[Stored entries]

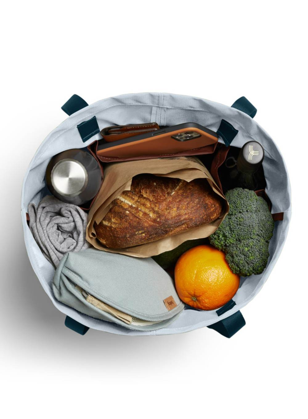 Torba Bellroy Market Tote 15 l składa się na płasko i smukło, dzięki czemu z łatwością zmieści się w schowku samochodowym, codziennej torbie, walizce lub nawet w kieszeni kurtki.
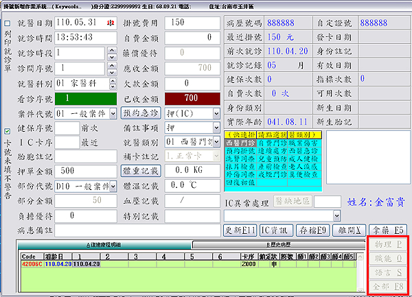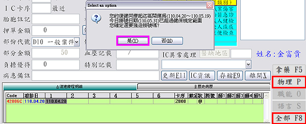 於當次療程刷卡掛號畫面,按下鍵盤「F12」即可解鎖療程選項
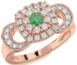 Diamond Emerald Rose Gold Halo Round Promise Ring
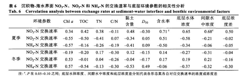 表6沉積物-海水界面NO3-N、NO2-N和NH4-N的交換速率與底層環(huán)境參數(shù)的相關(guān)性分析
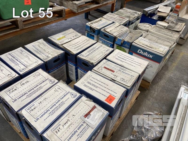 CONTENTS OF 2 PALLETS, POWDER COATING, VARIOUS COLOURS, APPROX 22 PART BOXES, 6 x TUB'S
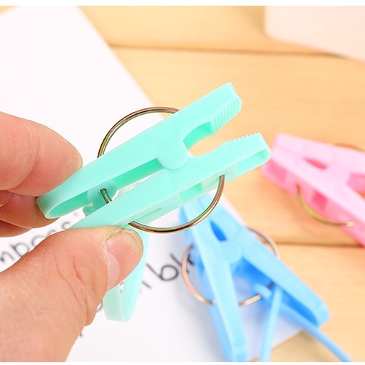 – Bộ 12 kẹp phơi đồ có dây treo giúp bạn phơi những đồ lót, tất vớ mà không sợ bay mất.
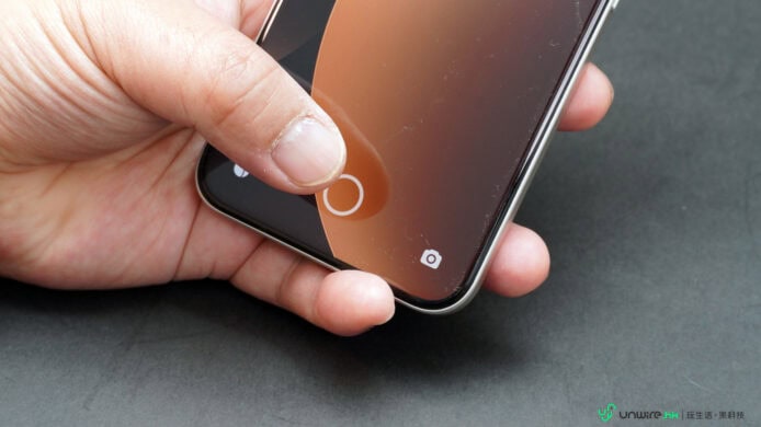 ▲不過今代的熒幕下指紋辨識器仍是設計於較近底部位置,每次按壓解鎖手機時都要「屈住」手腕才可解到鎖,不算舒服。
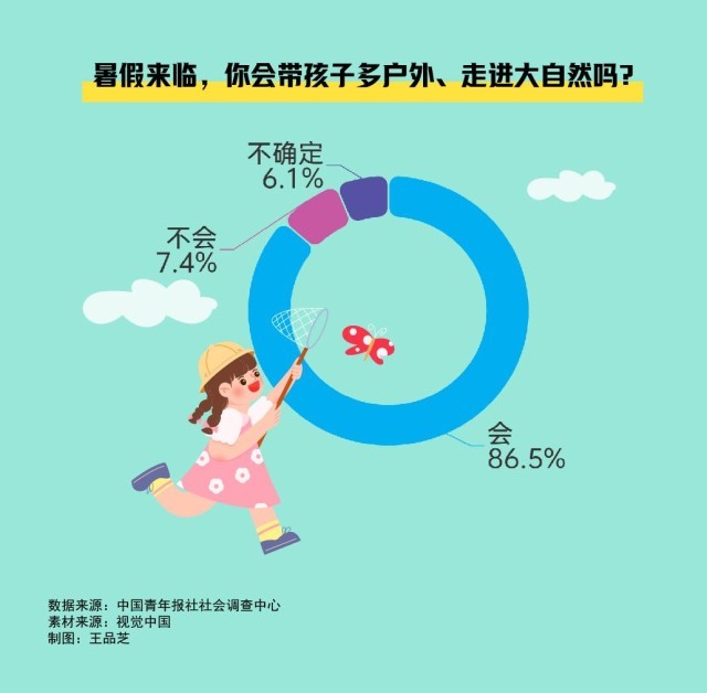 调查中,86.5%的受访家长表示暑假会带孩子多户外、走进大自然。
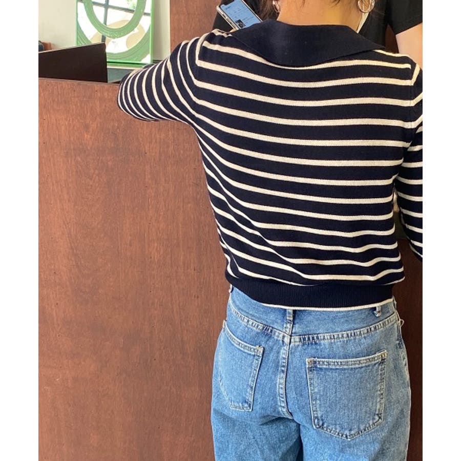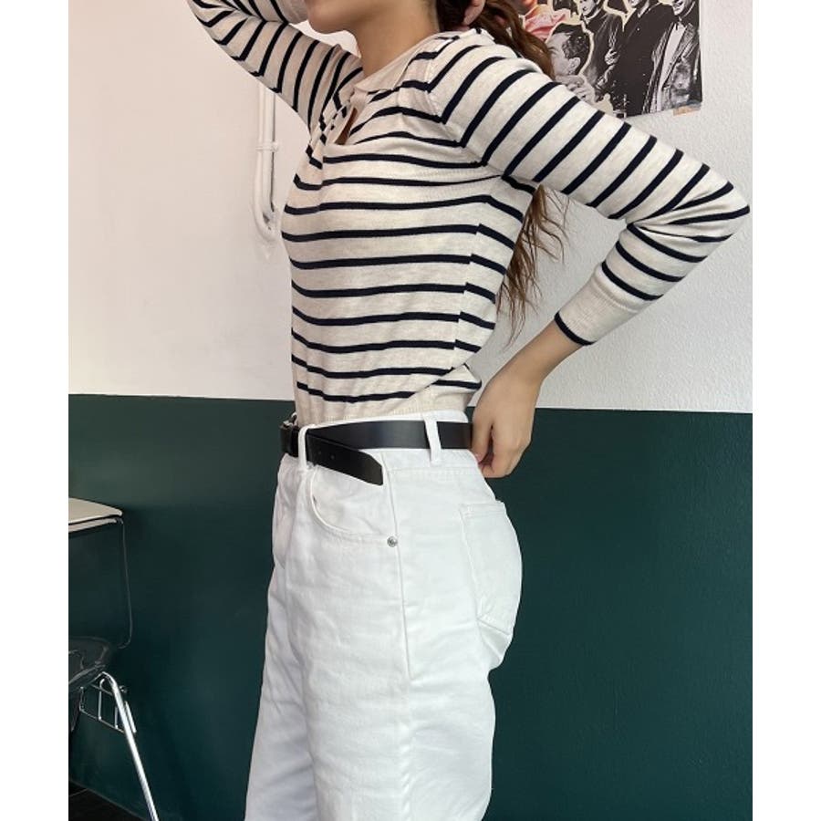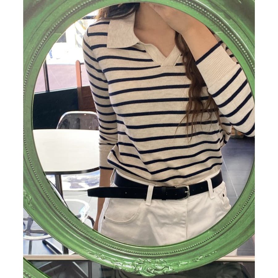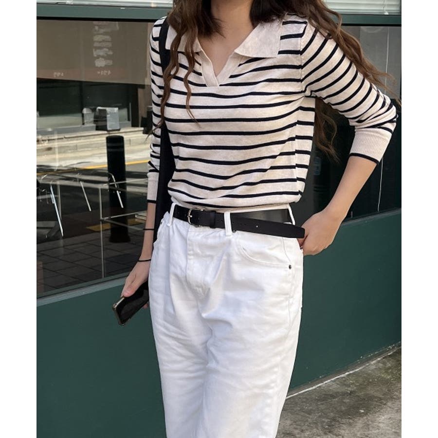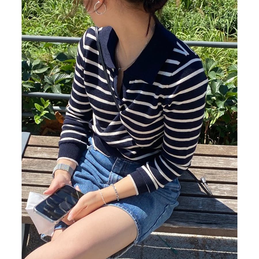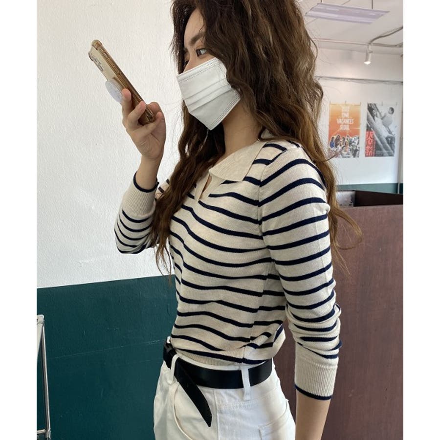 ストライプパターンとスリット仕様の襟デザインがお洒落な
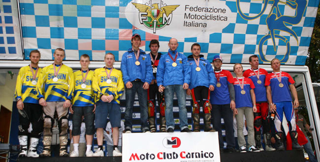 Para el deleite de la apasionada multitud italiana pudieron ver a su equipo en el tercer peldaño por segundo año consecutivo. Matteo Grattarola (Gas Gas), Francesco Iolitta (Beta), Fabio Lenzi (HM Future) y Daniele Maurino (Beta) trabajaron muy unidos para terminar con clara ventaja sobre sus eternos rivales, Francia, que no pudo mejorar la cuarta posición que logró hace doce meses.
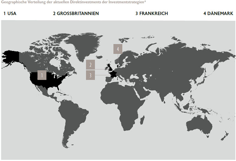 Geographische Verteilung der aktuellen Direktinvestments der Investmentstrategien 4 1 USA 2 GROSSBRITANNIEN 3 FRANKREICH 4 DÄNEMARK ![]() 4 Die Angaben basieren auf den von den Managern der institutionellen Investmentstrategien gelieferten Informationen zum 30.09.2021. ÜBERSICHT DER GEZEICHNETEN INSTITUTIONELLEN INVESTMENTSTRATEGIEN
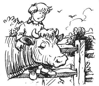Lance was thrilled. He went back day after day, to watch Flossie grow. He carried water and shovelled cow-cake for all the cattle on the farm, but Flossie was his favourite. He talked to her while she sniffed curiously at his pockets and butted him with her head to try and make him play, and followed him round the field. He told her everything, and kept on telling as the months went by, and Flossie grew and grew, till finally she was vast, enormous, bigger than Lance, almost as big as a car, with huge brown, anxious, motherly eyes.
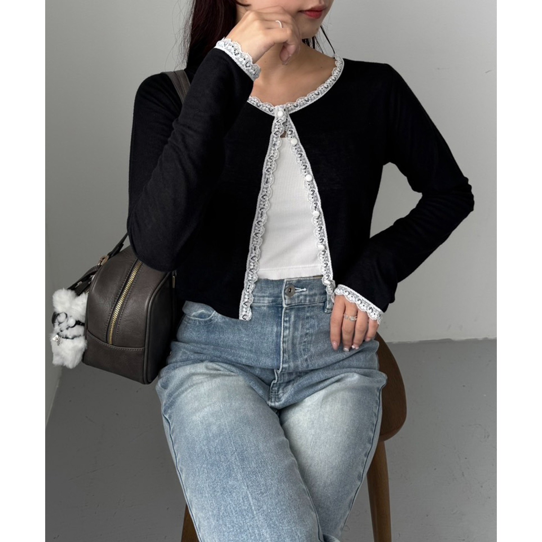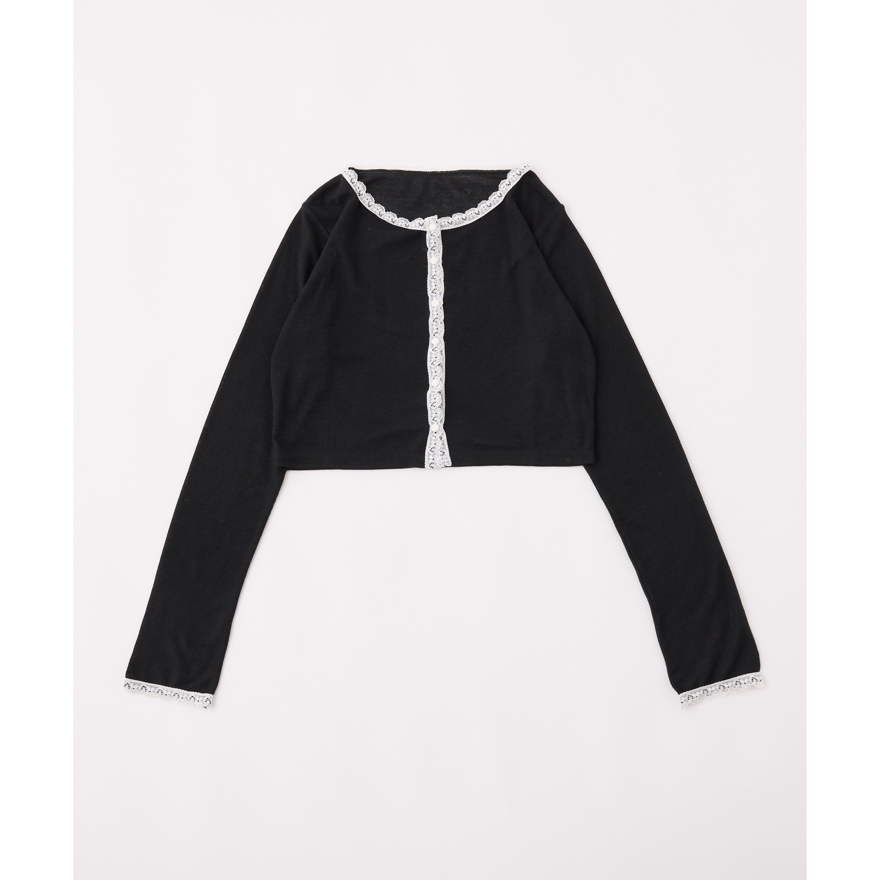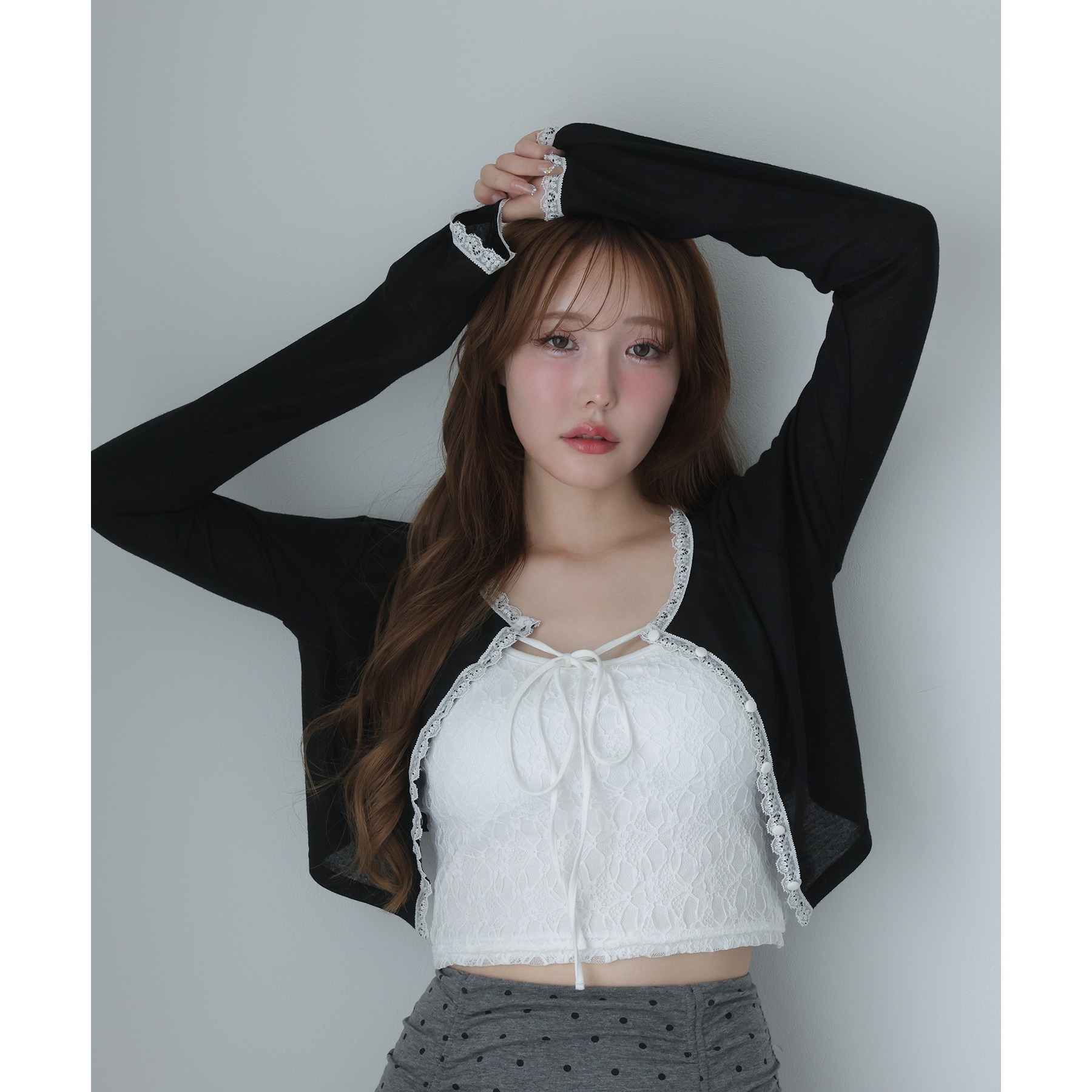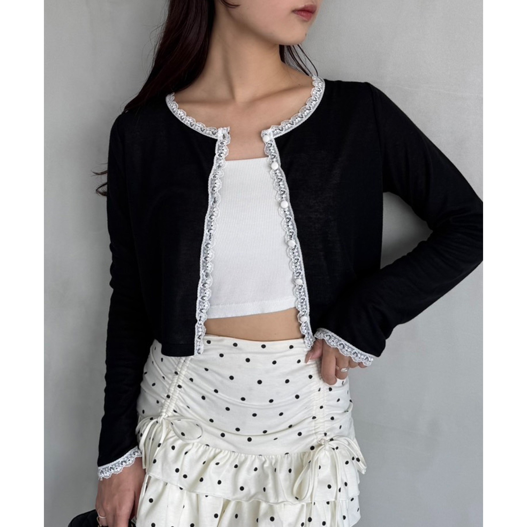 ショート丈でこなれ感があり、レースが華やかさをプラスしてくれるカット素材のカーディガン
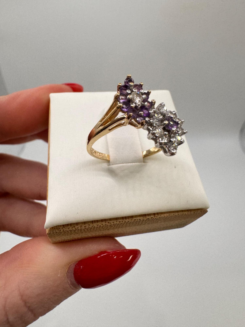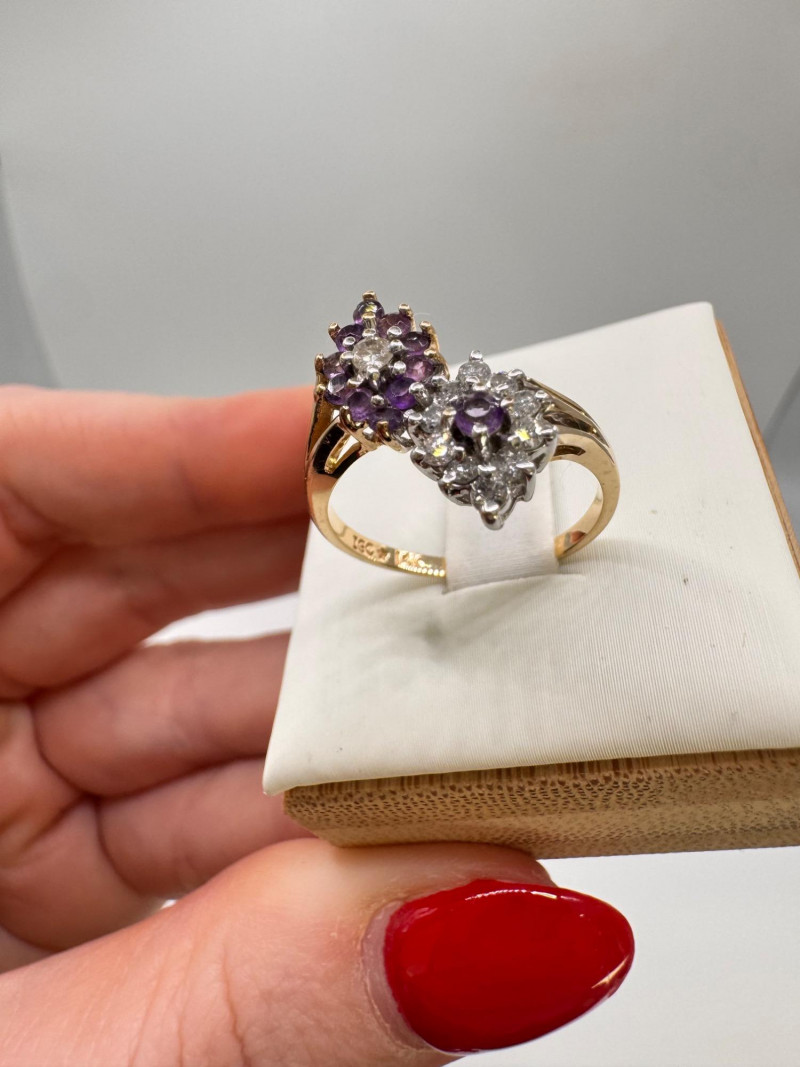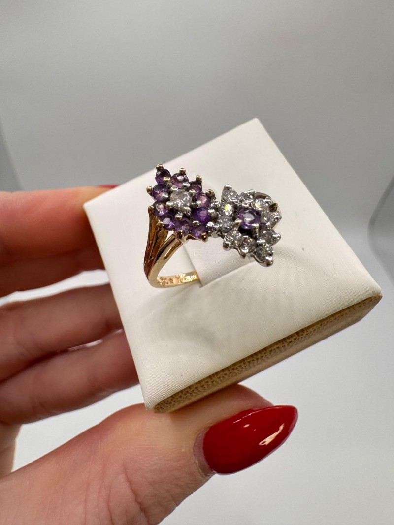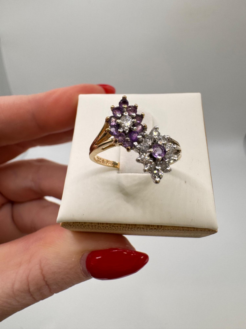 14K Gold Amethyst & Diamond Two Cluster Ring 2.49g.

- **Requirement**: Please repeat exactly the lines from the one containing "Lance was thrilled." through the last line of the records, both included, and leave out the pictures.

- **Completed exercise**:
Lance was thrilled. He went back day after day, to watch Flossie grow. He carried water and shovelled cow-cake for all the cattle on the farm, but Flossie was his favourite. He talked to her while she sniffed curiously at his pockets and butted him with her head to try and make him play, and followed him round the field. He told her everything, and kept on telling as the months went by, and Flossie grew and grew, till finally she was vast, enormous, bigger than Lance, almost as big as a car, with huge brown, anxious, motherly eyes.
 ショート丈でこなれ感があり、レースが華やかさをプラスしてくれるカット素材のカーディガン
 14K Gold Amethyst & Diamond Two Cluster Ring 2.49g.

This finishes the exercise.